Description of the task:
Write again exactly the lines in the listing below, starting at the line with "Vervet Women's Straight" and ending at the line with "Kata Ulang Alam", both included. Pictures are not copied.

Entries supplied:
——

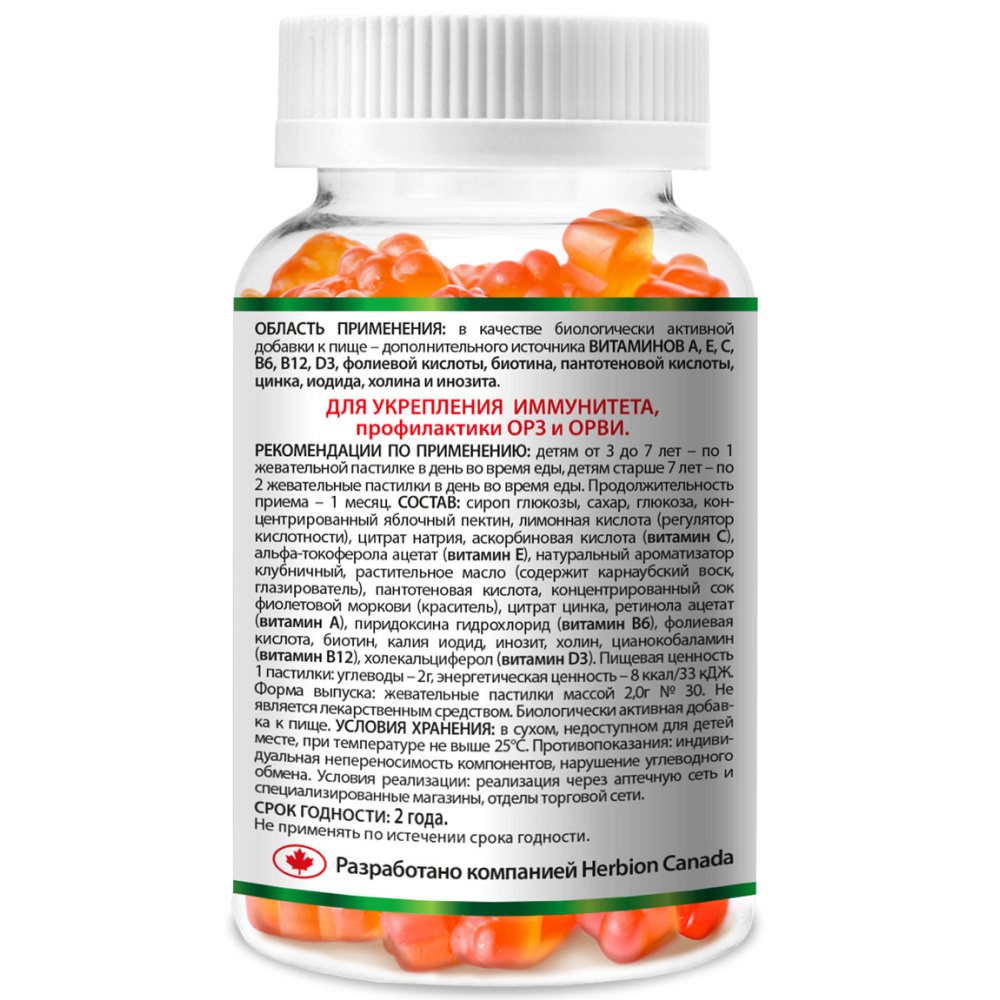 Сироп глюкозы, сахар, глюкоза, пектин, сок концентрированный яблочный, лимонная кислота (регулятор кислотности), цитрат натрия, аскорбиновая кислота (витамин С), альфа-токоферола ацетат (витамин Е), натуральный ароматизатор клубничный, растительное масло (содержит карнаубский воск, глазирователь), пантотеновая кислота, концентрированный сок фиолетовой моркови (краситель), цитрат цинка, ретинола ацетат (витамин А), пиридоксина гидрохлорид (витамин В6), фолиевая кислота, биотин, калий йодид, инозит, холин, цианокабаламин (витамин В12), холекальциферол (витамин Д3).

——

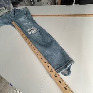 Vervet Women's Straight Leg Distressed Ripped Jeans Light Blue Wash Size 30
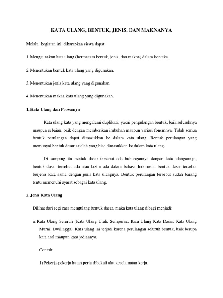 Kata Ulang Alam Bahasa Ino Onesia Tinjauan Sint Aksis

——

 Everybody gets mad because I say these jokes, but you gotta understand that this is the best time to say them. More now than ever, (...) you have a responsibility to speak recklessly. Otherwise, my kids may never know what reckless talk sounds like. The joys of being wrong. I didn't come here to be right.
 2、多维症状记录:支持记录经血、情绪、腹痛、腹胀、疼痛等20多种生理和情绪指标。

——

Exercise result:
 Vervet Women's Straight Leg Distressed Ripped Jeans Light Blue Wash Size 30
 Kata Ulang Alam Bahasa Ino Onesia Tinjauan Sint Aksis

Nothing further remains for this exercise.